Although Lewis received more votes, B.S. Morgan became State Superintendent of Free Schools in 1892. Lewis received an A.M. in history from West Virginia University the following year, and also published the first state manual of primary education. His 1896 textbook History and Government of West Virginia was utilized statewide in public schools for over fifty years. In 1905, Governor William M. O. Dawson appointed Lewis first director of the Bureau of Archives and History, and he served in that position until his death.

==Death and legacy==
Lewis died at his home in Mason City on December 5, 1912. His papers are held by Marshall University and by West Virginia University. His former home in Mason City, now known as the Shumaker-Lewis House, was placed on the National Register of Historic Places in 1979. The West Virginia Historical Society's Virgil A. Lewis Award is named in his honor.

==Works==

- Lewis, Virgil A. and Brock, Robert Alonzo (1884), History of Virginia from Settlement of Jamestown to Close of the Civil War Two volumes; H. H. Hardesty.
- Lewis, Virgil A. (1888), Life and Times of Anne Bailey, the Pioneer Heroine of the Great Kanawha Valley
- Lewis, Virgil A. and Brock, Robert Alonzo (1888), Virginia and Virginians: Eminent Virginians, Vol.

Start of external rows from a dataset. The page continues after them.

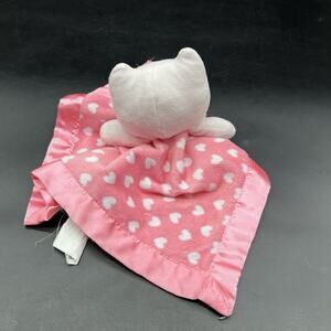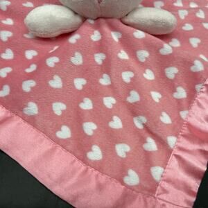 Cuddle Time Pink Owl Lovey Security Blanket Heart Print Satin Like Bottom
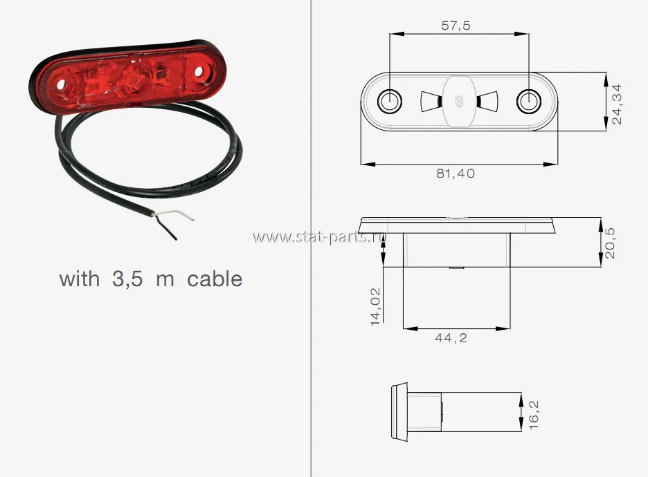 31-7200-014 ГАБАРИТНЫЙ ФОНАРЬ КРАСНЫЙ POSIPOINT II С КАБЕЛЕМ 3,5М
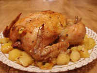 Курка з картоплею, запечена в духовці в рукаві випадок, коли інгредієнти від приготування в пакеті тільки виграють.
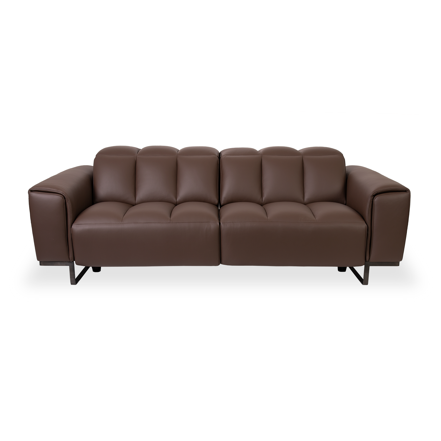The Savona Sofa, made in Italy, features smooth chocolate Boston leather, angular metal legs, and power motion seats with adjustable headrests and footrests for a stunning and contemporary look. Striking channel tufting creates elegant, side-by-side curves in the back and seat cushions that bolster the body, while the subtle silhouette of the legs provides sleek contrast against the thick cushions and wide armrests. Savona will be a stylish, eye-catching addition to any living space.
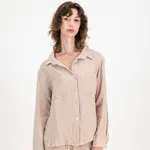 This shirt is the perfect every day summer go to. It is a collared shirt with a button front so can be worn buttoned up or open. It has two front pockets. It is a long sleeve shirt but very lightweight which means it is perfect for the summer. It comes in white, butter-cream as well as cappucino.

I, H.H. Hardesty, Richmond.
- Lewis, Virgil A. (1889), General History of West Virginia
- Lewis, Virgil A. (1892). "Southern Historical Magazine: Devoted to History, Genealogy, Biography, Archæology and Kindred Subjects"
- Lewis, Virgil A. (1894), Biennial Report of the State Superintendent of Free Schools, State of West Virginia.

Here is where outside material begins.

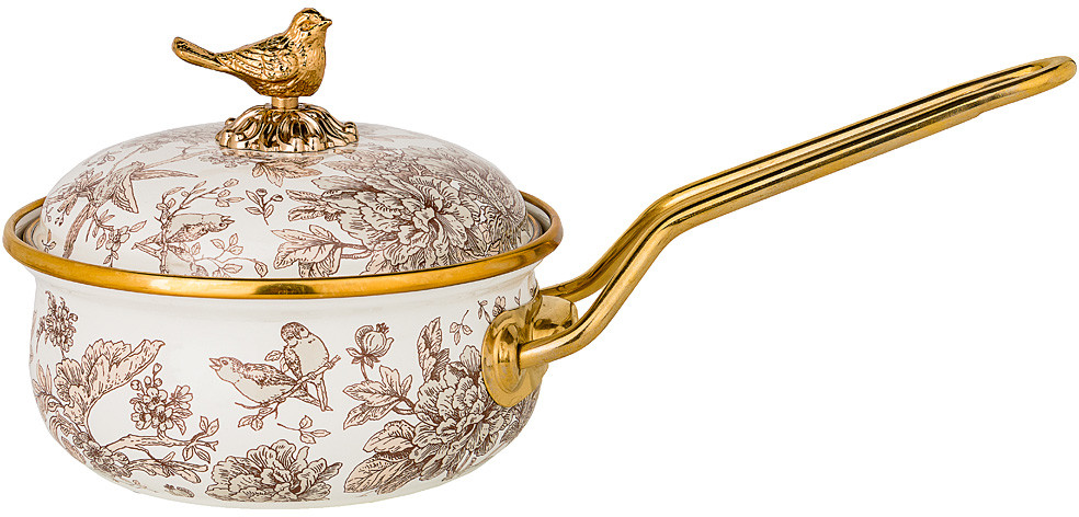 Эмалированный ковш надежно укрывает металл стекловидной эмалью, не позволяя ему контактировать с пищей. Этот вид посуды определенно выигрывает у алюминиевого благодаря своему внешнему виду — на кухне такой ковш всегда выигрышно смотрится. Эмалевое покрытие имеет существенные преимущества по показателям безопасности влияния на организм человека, санитарным свойствам, простоте ухода и рассчитан на длительный срок эксплуатации. Оно устойчиво к перепадам температуры до 220°С, обладает высокой механической прочностью, противостоит воздействию пищевых кислот.

- Lewis, Virgil A. (1894), Manual and Graded Course of Study for the Country and Village Schools of West Virginia.
- Lewis, Virgil A. (1895), The Original Indiana Territory: It was in West Virginia; The Eleventh Amendment to the Federal Constitution, A Paper Read by Virgil A. Lewis, before the Fifth Annual Meeting of the West Virginia Historical and Antiquarian Society, January 17, 1895. Charleston, W.Va.: Press of Butler Printing Co.
- Lewis, Virgil A. (1896), History and Government of West Virginia (Revised editions: 1904, 1912, 1916, 1922, etc.)
- Lewis, Virgil A. (1903), The Story of the Louisiana Purchase
- Lewis, Virgil A. (1904), Handbook of West Virginia: Its History, Natural Resources, Industrial Enterprise and Institutions; Published by West Virginia Commission of the Louisiana Purchase Exposition.
- Lewis, Virgil A. (1909), How West Virginia Was Made: Proceedings of the First Convention of the People Northwestern Virginia at Wheeling May 13, 14 and 15, 1861, and the Journal of the Second Convention of the People of Northwestern Virginia at Wheeling, which Assembled...
- Lewis, Virgil A. (1909), History of the Battle of Point Pleasant; Charleston, West Virginia: Tribune (Reprinted Maryland: Willow Bend, 2000. ISBN 1-888265-59-0.)
- Lewis, Virgil A., "A history of Marshall Academy, Marshall College and Marshall College State Normal School."
- Three biennial reports (1906, 1908, 1911) of the State Department of Archives and History.
  - Extract of 1911 report: Lewis, Virgil A. (1911), The Soldiery of West Virginia in the French and Indian War; Lord Dunmore's War; the Revolution; the Later Indian Wars; the Whiskey Insurrection; the Second War with England; the War with Mexico. And Addenda Relating to West Virginians in the Civil War.